Is China leading the global economy out of the severe economic recession or is it setting the table for another leg down by creating another bubble? Is the United States economy beholden to developments in the People’s Republic of China? Let’s look eastward and navigate the Chinese economic landscape.
Recall that China has recently become our largest creditor. Additionally, China’s economic stimulus enacted and largely disbursed is already three to four times the size of the United States stimulus as a percentage of GDP. (U.S. stimulus of $700 billion is approximately 5% of GDP. China’s stimulus of approximately $600 billion is the equivalent of 20% of their overall GDP of $3 trillion) From China’s perspective, it is nice to have an enormous surplus and a government controlled economy.
Let’s review some of the inner workings within the Chinese stimulus and the current view of the Chinese economy and markets. From Stratfor Global Intelligence, we learn:
1. fully one fourth of the Chinese stimulus is targeted at helping the province of Sichuan recover from a massive earthquake in May 2008.
2. the bulk of the Chinese stimulus is focused on infrastructure with little assistance for faltering export based industries.
3. loan growth has exploded in the first half of the year.
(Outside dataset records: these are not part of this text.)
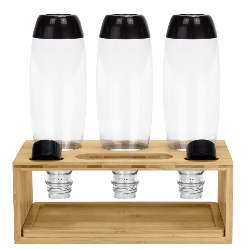 Uchwyt mieści trzy butelki oraz nakrętki, co czyni go idealnym akcesorium dla każdego użytkownika saturatora.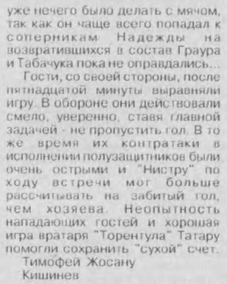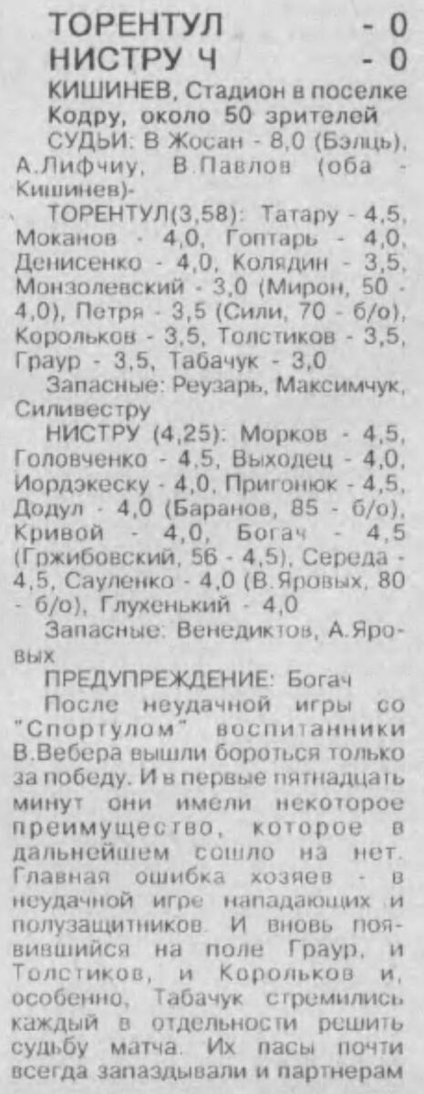 «Торентул» Кишинёв - «Нистру» Чобурчи - 0:0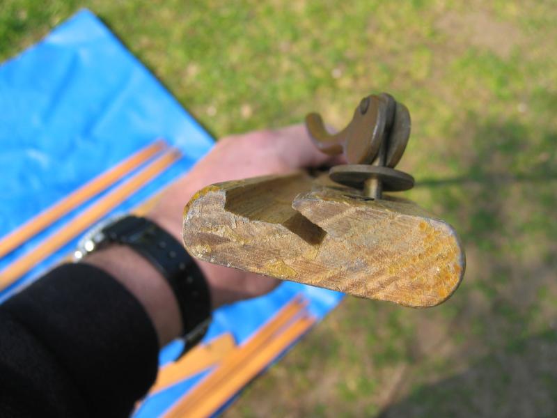Spant 4. Durch die großen Löcher werden die Bogenstreben geführt, durch die kleinen die Steuerleinen. Die kleinen Löcher sind mit

This has to be a positive, correct? Stratfor is very concerned and writes:
China is more concerned about maintaining employment than about ensuring that money is used efficiently. And the result of such a sudden surge in loan-granting will inevitably be a mounting of nonperforming loans that will eat at the very heart of the Chinese financial system (a similar problem is what brought down Japan in 1991).
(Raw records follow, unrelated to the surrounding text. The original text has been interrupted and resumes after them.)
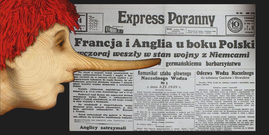○ Dziennik „Express Poranny” wydany 4 września 1939 r. / źródło: https://historia.org.pl♂ | ○ Pinokio / źródło: pik.wrocław.pl♂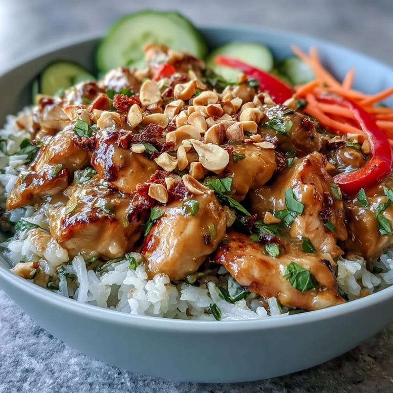 Save to Pinterest I discovered this bowl on a sweltering afternoon when my air conditioner decided to quit, and I desperately needed something that felt both comforting and light. A friend had just returned from Bangkok raving about a similar dish, so I started experimenting with what I had on hand, layering flavors until the kitchen smelled like a night market. What emerged was this Thai peanut chicken bowl, and somehow it became the thing I make when I want to feel transported without leaving my kitchen. The beauty of it is how forgiving it is, how the creamy sauce ties everything together, and how you can prep most of it while the rice cooks.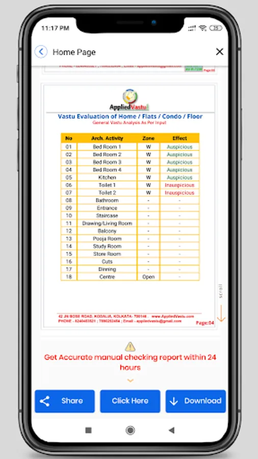 For manual professional vastu checking reports, you contact with AppliedVastu team.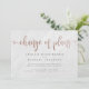 Invitation Marbre blanc & Rose Gold Script Changement de plan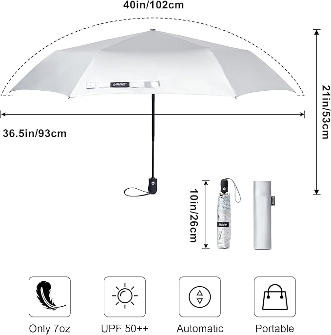 - Maximum UPF 50+ UV Protection: The upgraded 100% polyester 20D thin silver coating fabric makes it easy to fold up neatly and preserves the UV protection feature. UPF 50+ rating blocks 99% of the sun's harmful UVA and UVB, and reflects heat to lower the temperature under the SPF umbrella, keeping you cooler on sunny days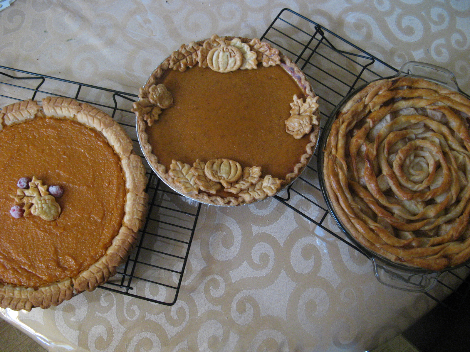 Among the pies was a Pumpkin Pie that I decorated using Fall themed pie cutters. Then there was a Sweet Potato Pie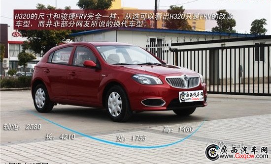 中華H320的長(zhǎng)、寬、高、軸距分別為4210/1755/1460/2580(mm),尺寸和駿捷FRV完全一樣,從這可以看出H320只是FRV的改款車型,而并非部分網(wǎng)友所說(shuō)的換代車型。

And that is the good news. Much of this loan surge — by some reports, perhaps as much as half — is being lost to scams, corruption and simply using the money to play the various Chinese stock markets. The Shanghai Composite Index, for example, is up 50 percent since its lows in November 2008 — an otherwise inexplicable development considering the steady stream of bad economic news that has trickled out of Beijing in recent months.
As I think of this analysis, I immediately wonder if China is creating a semblance of a bubble in their economy and in their stock market. Arjun Divecha, portfolio manager of Berkeley, CA based GMO, holds similar concerns. In an interview published in Barron’s this weekend, Divecha was aksed about his concerns in China and specifically Chinese lending. He asserts:
“I believe a lot of the money is not going into productive investment. What we are hearing anecdotally is that a lot is being lent by the banks, which remember, are government-owned. Who are they lending to? For the most part, this money is going to state-owned enterprises, which are not particularly efficient companies.
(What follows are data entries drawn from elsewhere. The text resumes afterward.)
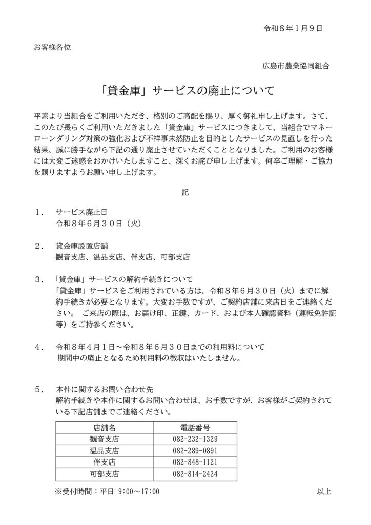 「貸金庫」サービスの廃止について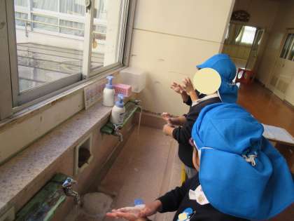 今日5歳児に手洗い指導をしました。絵本『インフルエンザウイルスのフルくん』のお話をしました。フルくんは、ニワトリのうんちが風に乗って人の体に入り込み、毎年変身を繰り返しながら、人の体で増えることができます。これからとても寒い日が続きます。冷たい水で手洗いをするのにも少し気合いがいります。そこで、4歳児でも行った『手洗いチェッカー』を使って、手のバイキンを見てみることにしました。「めちゃ光ってる!!バイキンや!」「わあーバイキンいっぱい!!」とビックリする子どもたち。早速『あわあわてあらいのうた』で、子どもたちだけで手洗いをしてもらいました。忘れている子も周りの友達に教えてもらいながらしました。実際に手洗い場で石鹸を使って手洗いをしてもらい、もう一度手洗いチェッカーで見てみることに・・・。すると、「手光ってない!」「バイキンない!よっしゃー!」と、とてもきれいに手洗いすることができました。3学期もかぜや感染症に気をつけて、みんなで手洗い・うがいで元気な毎日を過ごしていきましょうね!
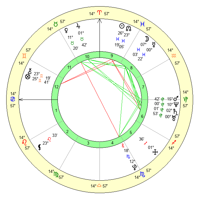 | Moon | 7 Pisces 11 | 22 Libra 44 | 19 Cancer 11 |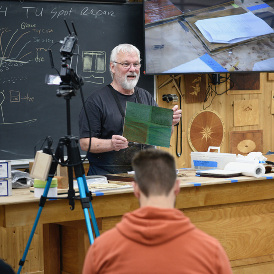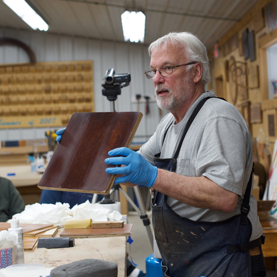 This five-day hands-on finishing class is designed to help students understand which finishing schedule is best for their projects. The goal is to learn what it takes to create a beautiful, lasting finish through a variety of finishing systems. These systems include changing the color of wood with dyes, stains, toners, and glazing techniques. Everyone will have the opportunity to apply the finishing systems of their choice to their assigned lab projects, and students are encouraged to bring small projects to finish during the week. Most of this class will be in the finish shop rather than the classroom. However, everyone will have enough classroom time to learn how to accurately apply finishes with predictable results. Students will learn to use hand-rubbed finishes such as shellac, French polish, and brush-on finishes, as well as spraying equipment. Once the coatings have been applied, adjusting the sheen using rub-out techniques and maintaining your coating will be demonstrated. Mitch and Tim will teach how to solve common problems and fix finishing defects such as blotching, orange peel, brush marks, and fisheye, and how to achieve the ultimate finish. There will also be an introduction to the basics of color matching. Anyone who works with wood and enjoys its beauty will benefit from this class.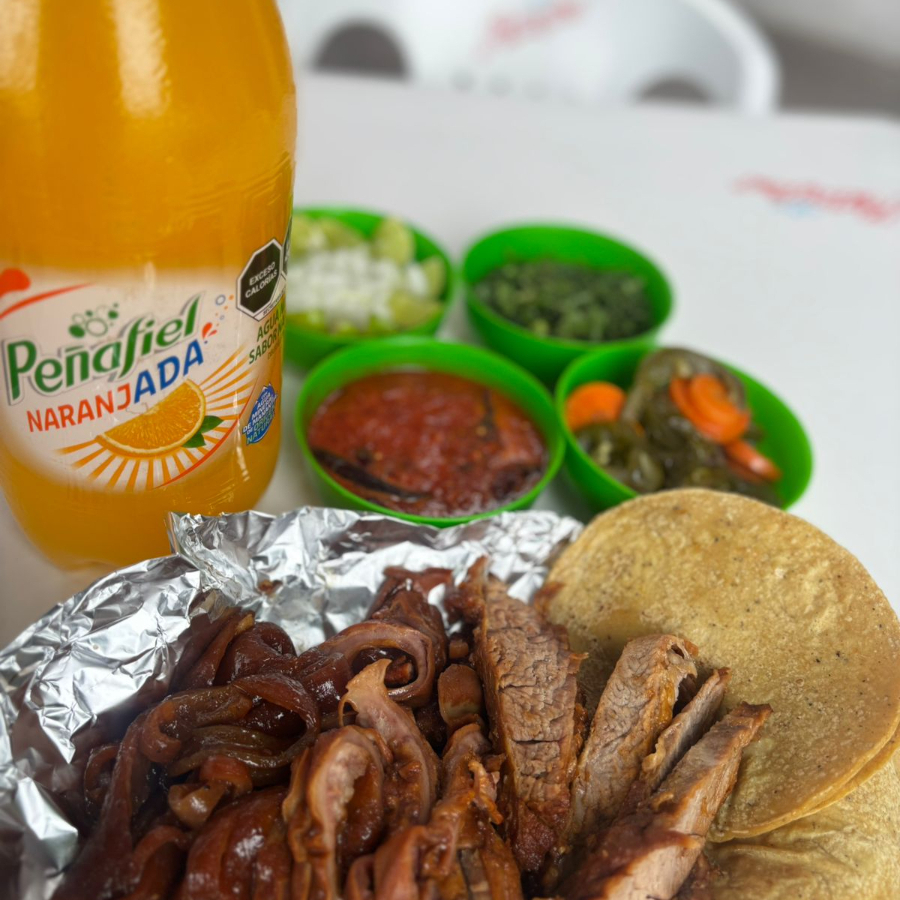 Incluye 3 tacos surtidos, salsa roja, cilantro, cebolla y limones 1 refresco de lata.

We know they are buying real estate, and they are doing all kinds of things we don’t think in the long run is particularly productive investment.
Barron’s asks Divecha what will be the consequences in China of this stimulus plan? He responds:
“Two things are likely to happen. First, longer term, if the banks don’t have a problem with bad loans now, they will almost certainly have a lot more bad loans two or three years from now. Second, from a short term point of view, at some point the government is going to get really worried about having too much credit-creation; that leads to a credit bubble, just like you had in this country and everywhere else. As a result, they will start to withdraw liquidity by tightening the gates on the money. I don’t know when that will be. But I worry that it is coming.
A fair amount of the stimulus money has found its way into the real estate and stock markets because China has a closed economy. So there is no way for money to leave the country. The stock market and real estate have had huge spikes. So when that liquidity is withdrawn, it seems inevitable that the stock market will take it badly.
Is the United States likely to suffer a similar consequence? I am very concerned.